The main point is that both voltage instability and synchronization problems in converter-dominated weak grids come from non-minimum-phase zeros in the grid Jacobian transfer matrix. A zero at the origin signals voltage issues, while low-frequency zeros limit synchronization. They prove the short-circuit ratio is simply their NMP-Z factor evaluated at the rated point, which explains why the simple metric has worked in practice despite more complex small-signal theory. They then build a unified assessment for multi-converter systems that keeps the SCR-style simplicity but folds in individual CIG models to check margins at different operating points. Time-domain simulations back the claims, which helps. The work is useful because it directly addresses the gap between detailed analysis and the static metrics engineers actually apply as renewables grow. The soft spot is the reliance on small-signal linearization around one operating point and the assumption that Jacobian zeros show up directly in the closed-loop poles. Converter current and voltage controllers could cancel or shift those zeros, especially when several CIGs interact, and the stress-test note flags this correctly. The abstract does not spell out how the derivations or simulations rule that out, so the central mapping needs close checking in the full text. This is for power-systems researchers and grid engineers who need a practical yet grounded way to assess stability in weak grids with high converter penetration. It deserves peer review because the unification is a clear step and the simulations provide some evidence, even if the assumption about no cancellation requires tighter proof.

Referee Report

1 major / 2 minor

Summary. The paper claims that voltage and synchronization stability problems in weak grids with converter-interfaced generators (CIGs) originate from non-minimum-phase (NMP) zeros in the grid Jacobian transfer matrix: a zero at the origin produces voltage instability while low-frequency NMP zeros constrain synchronization dynamics. It proves that the short-circuit ratio (SCR) is a special case of the proposed NMP-zero (NMP-Z) factor evaluated at the rated operating point, and develops a unified stability assessment method for multi-converter systems that combines the NMP-Z factor with individual CIG models; all findings are stated to be confirmed by time-domain simulations.

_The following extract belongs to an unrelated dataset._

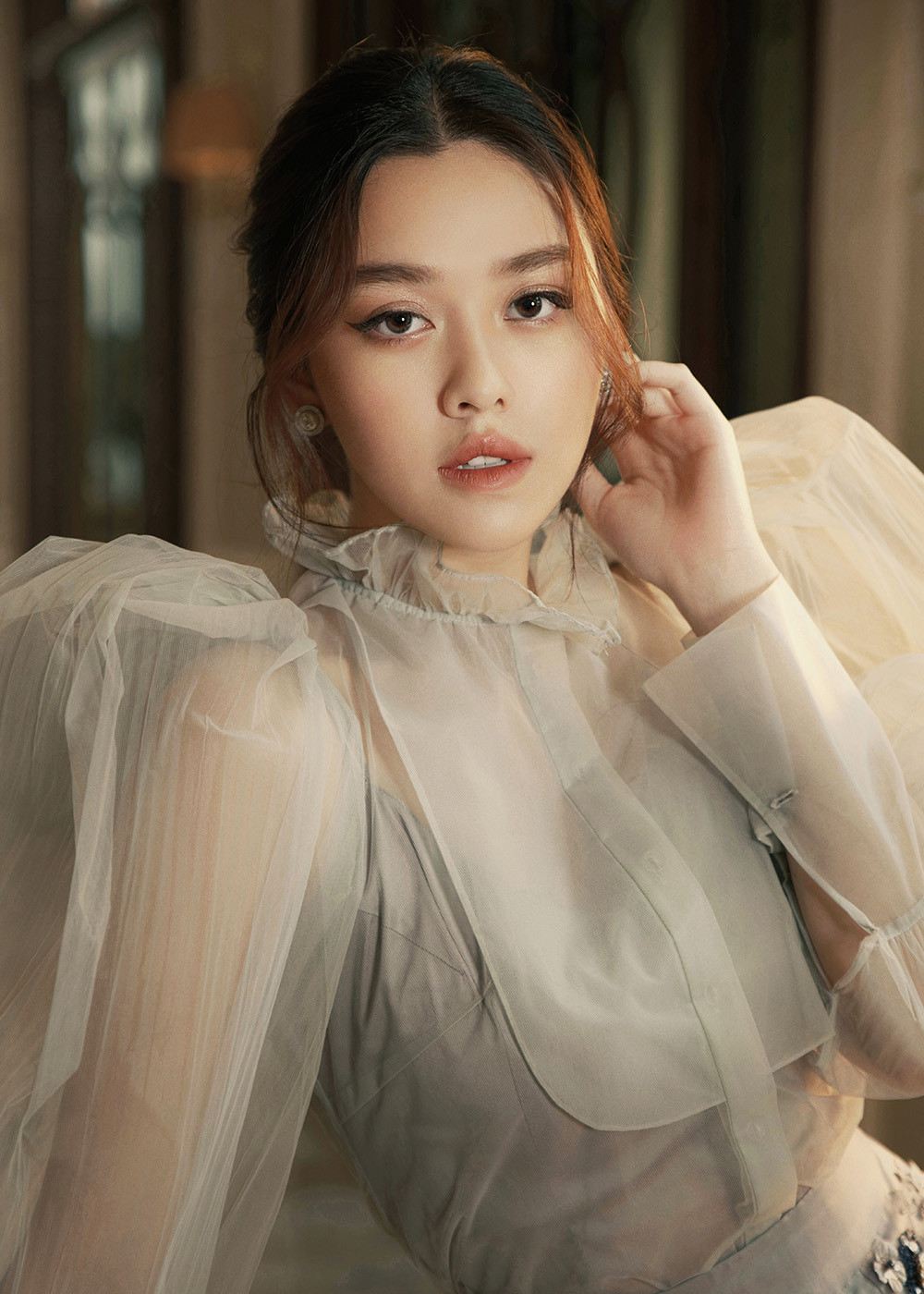 Gương mặt sáng cùng làn da trắng của người đẹp càng thêm cuốn hút hơn khi kết hợp với kiểu tóc và màu son tông hồng đất nhẹ nhàng.

Significance. If the direct correspondence between Jacobian NMP zeros and closed-loop poles holds without cancellation, the work supplies a theoretically grounded dynamic metric that explains the empirical utility of SCR and extends it to varying operating points and multi-CIG interactions, offering a simple yet rigorous alternative to separate voltage and synchronization analyses.

major comments (1)

[Derivation of NMP-Z factor from grid Jacobian transfer matrix] The central claim that NMP zeros in the grid Jacobian transfer matrix directly produce voltage instability (zero at s=0) and synchronization constraints (low-frequency zeros) requires that these zeros appear uncancelled in the system characteristic equation. Small-signal linearization around an operating point permits converter current/voltage controllers to cancel or shift the zeros, especially under multi-CIG interaction; this assumption is load-bearing and must be verified explicitly in the transfer-function derivation rather than asserted from the Jacobian alone.

minor comments (2)

Provide an explicit equation for the NMP-Z factor (including how it reduces to SCR at the rated point) rather than describing it only in prose.
Clarify the exact small-signal model assumptions (e.g., whether all converter controllers are included in the closed-loop transfer functions) when stating that the Jacobian alone dictates stability.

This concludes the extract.